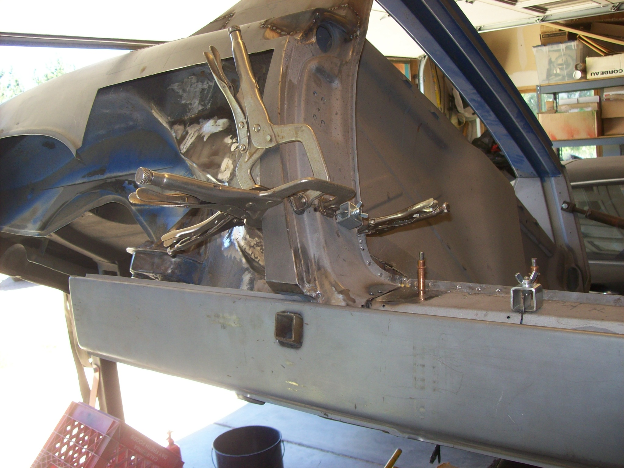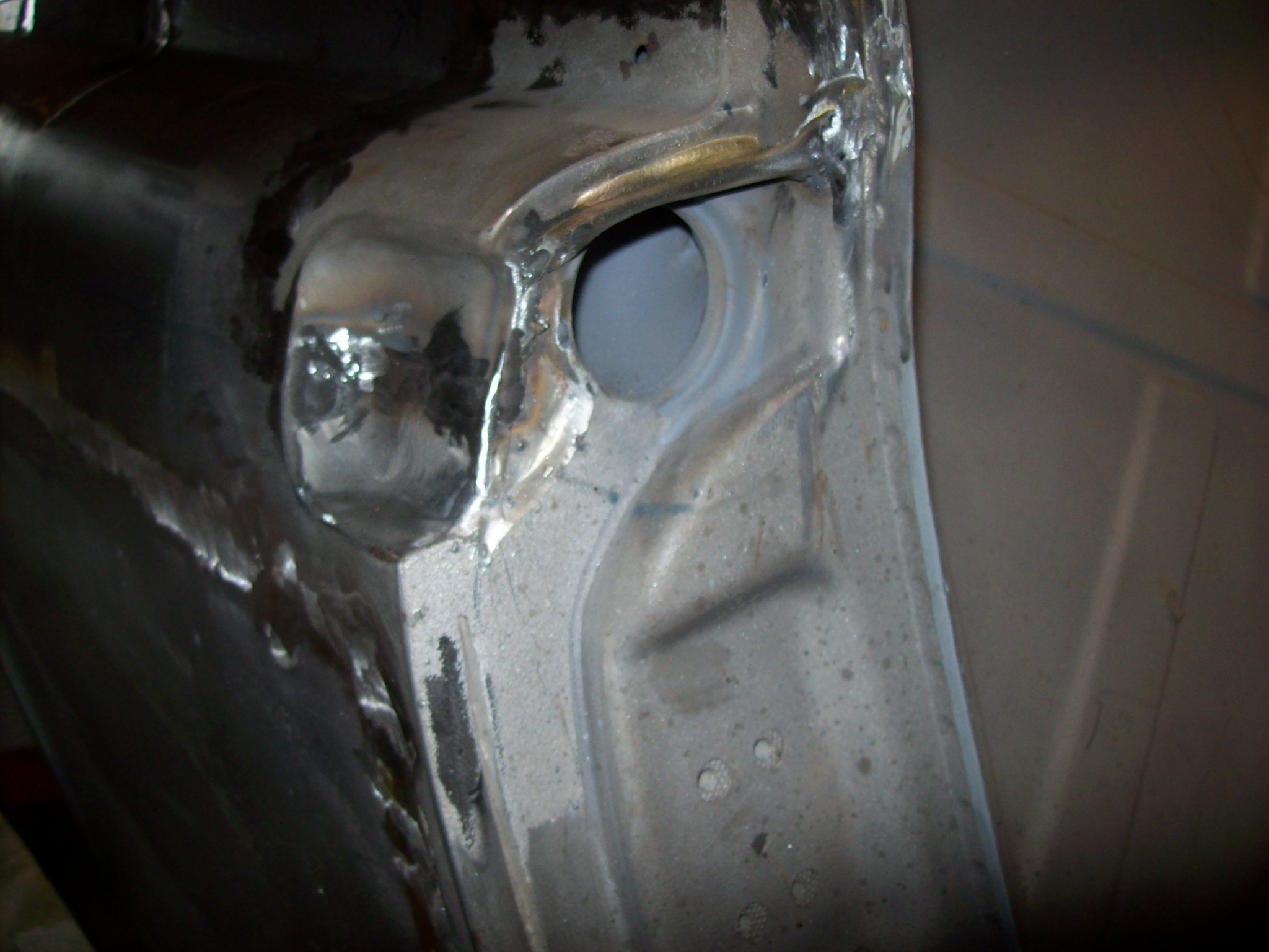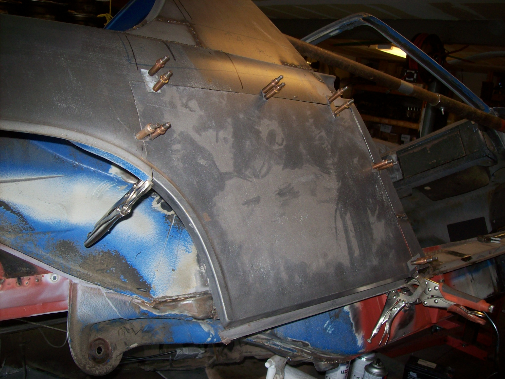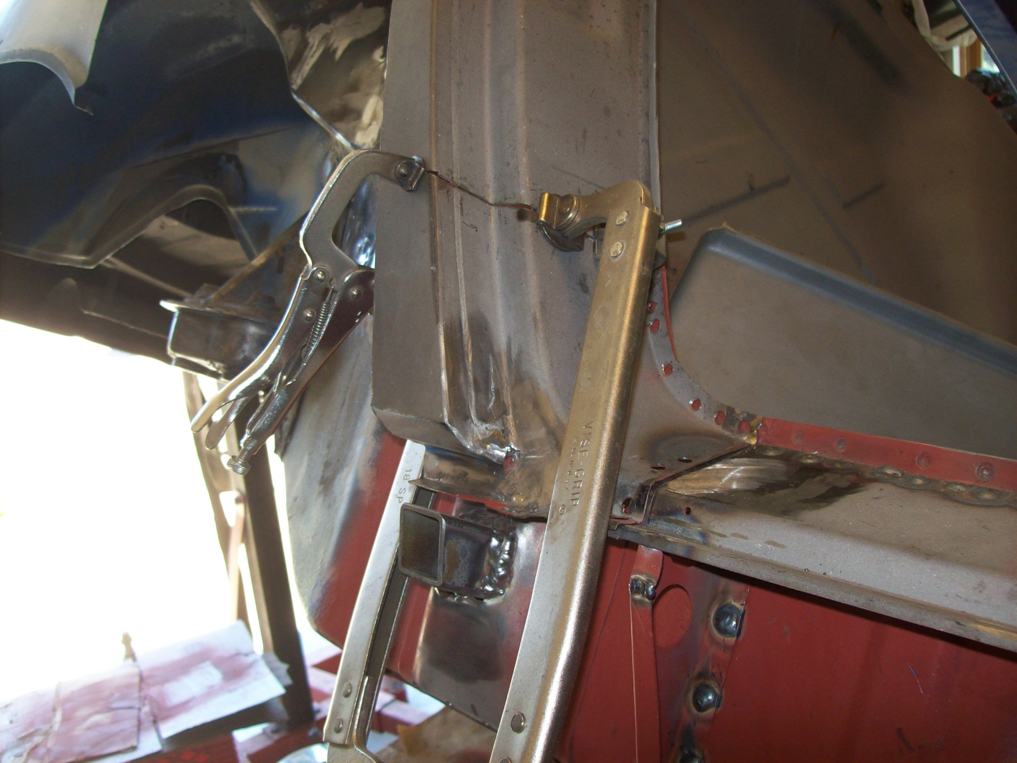 Moving on...welding back in the repaired bottom of the lockpost worried me. Quarter panel was removed which allowed the lockpost to "float". The bottom of the lockpost had welded so the shape might have changed slightly. I measured and triangulated and compared the dimensions with the drivers side 1000 times. I had to "muscle the steel in place to weld using clamps and voodoo.
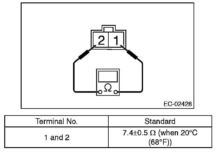 2. Measure the resistance between the oil flow control solenoid valve terminals.
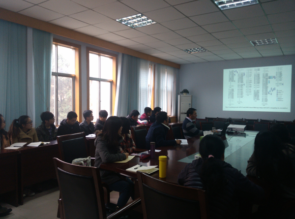 11月25日下午,我院杨路明博士在二号楼二楼会议室为园艺学院师生做学术报告,杨博士今年8月份从美国威斯康星大学麦迪逊分校园艺系学成回国,受聘我院蔬菜学特聘教授岗位。他报告的题目是“黄瓜小叶基因的图位克隆、分子进化与功能”。 园艺学院教师和研究生以及兄弟学院广大师生参加了报告会.

Your assignment: All lines of the listing must be given again exactly, excluding the pictures.

Solution below:
 Moving on...welding back in the repaired bottom of the lockpost worried me. Quarter panel was removed which allowed the lockpost to "float". The bottom of the lockpost had welded so the shape might have changed slightly. I measured and triangulated and compared the dimensions with the drivers side 1000 times. I had to "muscle the steel in place to weld using clamps and voodoo.
 2. Measure the resistance between the oil flow control solenoid valve terminals.
 11月25日下午,我院杨路明博士在二号楼二楼会议室为园艺学院师生做学术报告,杨博士今年8月份从美国威斯康星大学麦迪逊分校园艺系学成回国,受聘我院蔬菜学特聘教授岗位。他报告的题目是“黄瓜小叶基因的图位克隆、分子进化与功能”。 园艺学院教师和研究生以及兄弟学院广大师生参加了报告会.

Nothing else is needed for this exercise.